(Data supplied)

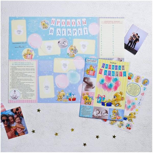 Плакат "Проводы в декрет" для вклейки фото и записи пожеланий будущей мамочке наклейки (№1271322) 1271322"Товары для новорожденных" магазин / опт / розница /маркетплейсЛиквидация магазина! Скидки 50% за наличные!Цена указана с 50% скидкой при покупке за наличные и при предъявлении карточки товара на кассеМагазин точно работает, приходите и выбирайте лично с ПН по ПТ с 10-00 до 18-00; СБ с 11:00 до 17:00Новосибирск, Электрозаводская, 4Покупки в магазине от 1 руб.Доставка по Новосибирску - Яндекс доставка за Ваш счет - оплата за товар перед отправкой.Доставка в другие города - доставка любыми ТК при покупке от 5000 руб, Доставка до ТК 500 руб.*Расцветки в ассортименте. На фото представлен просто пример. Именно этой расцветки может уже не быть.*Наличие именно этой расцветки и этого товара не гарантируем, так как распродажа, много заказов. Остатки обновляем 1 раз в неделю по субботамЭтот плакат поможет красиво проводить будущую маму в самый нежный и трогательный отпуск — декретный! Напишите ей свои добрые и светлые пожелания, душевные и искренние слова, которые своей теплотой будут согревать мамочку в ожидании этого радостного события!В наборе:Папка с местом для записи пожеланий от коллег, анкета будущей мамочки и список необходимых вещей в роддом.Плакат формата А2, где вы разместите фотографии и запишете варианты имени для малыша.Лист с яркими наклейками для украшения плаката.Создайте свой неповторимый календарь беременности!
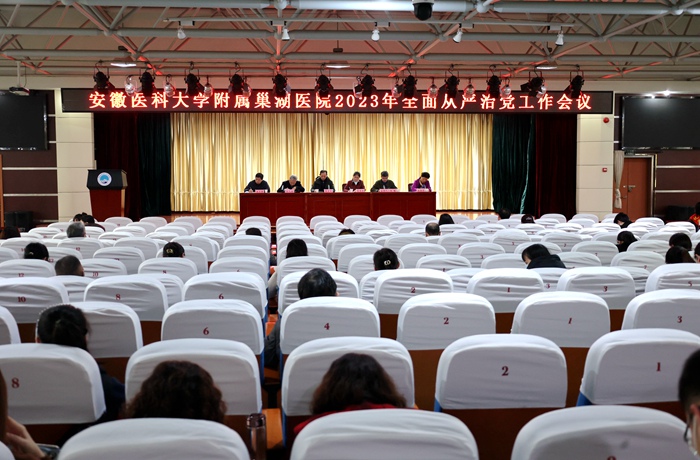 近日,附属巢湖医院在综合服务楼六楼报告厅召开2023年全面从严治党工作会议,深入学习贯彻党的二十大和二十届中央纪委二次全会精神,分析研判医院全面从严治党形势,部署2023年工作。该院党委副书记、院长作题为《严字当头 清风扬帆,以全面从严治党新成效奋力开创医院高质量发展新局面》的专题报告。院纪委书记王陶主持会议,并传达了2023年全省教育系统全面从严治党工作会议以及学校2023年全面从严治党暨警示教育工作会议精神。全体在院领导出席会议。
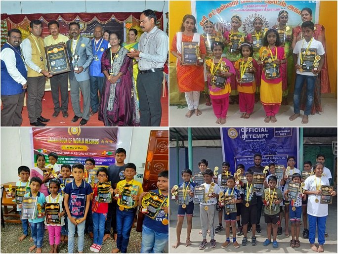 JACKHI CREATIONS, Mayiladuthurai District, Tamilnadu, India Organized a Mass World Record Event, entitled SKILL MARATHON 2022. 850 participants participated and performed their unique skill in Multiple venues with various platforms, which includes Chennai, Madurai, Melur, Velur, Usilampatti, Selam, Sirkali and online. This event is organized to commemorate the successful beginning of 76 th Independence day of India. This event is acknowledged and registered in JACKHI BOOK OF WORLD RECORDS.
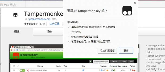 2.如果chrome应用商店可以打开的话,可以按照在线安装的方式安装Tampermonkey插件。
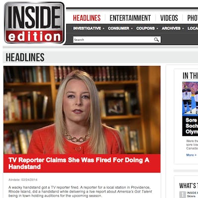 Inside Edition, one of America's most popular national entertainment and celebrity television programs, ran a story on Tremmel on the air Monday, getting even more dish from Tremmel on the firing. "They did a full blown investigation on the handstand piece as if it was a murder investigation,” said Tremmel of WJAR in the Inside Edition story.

(End Data supplied)

[What the task requires]:
Exactly the lines from the one holding "2.如果chrome应用商店" to the last line of the records above should be duplicated, with no pictures among them.

[Task output]:
 2.如果chrome应用商店可以打开的话,可以按照在线安装的方式安装Tampermonkey插件。
 Inside Edition, one of America's most popular national entertainment and celebrity television programs, ran a story on Tremmel on the air Monday, getting even more dish from Tremmel on the firing. "They did a full blown investigation on the handstand piece as if it was a murder investigation,” said Tremmel of WJAR in the Inside Edition story.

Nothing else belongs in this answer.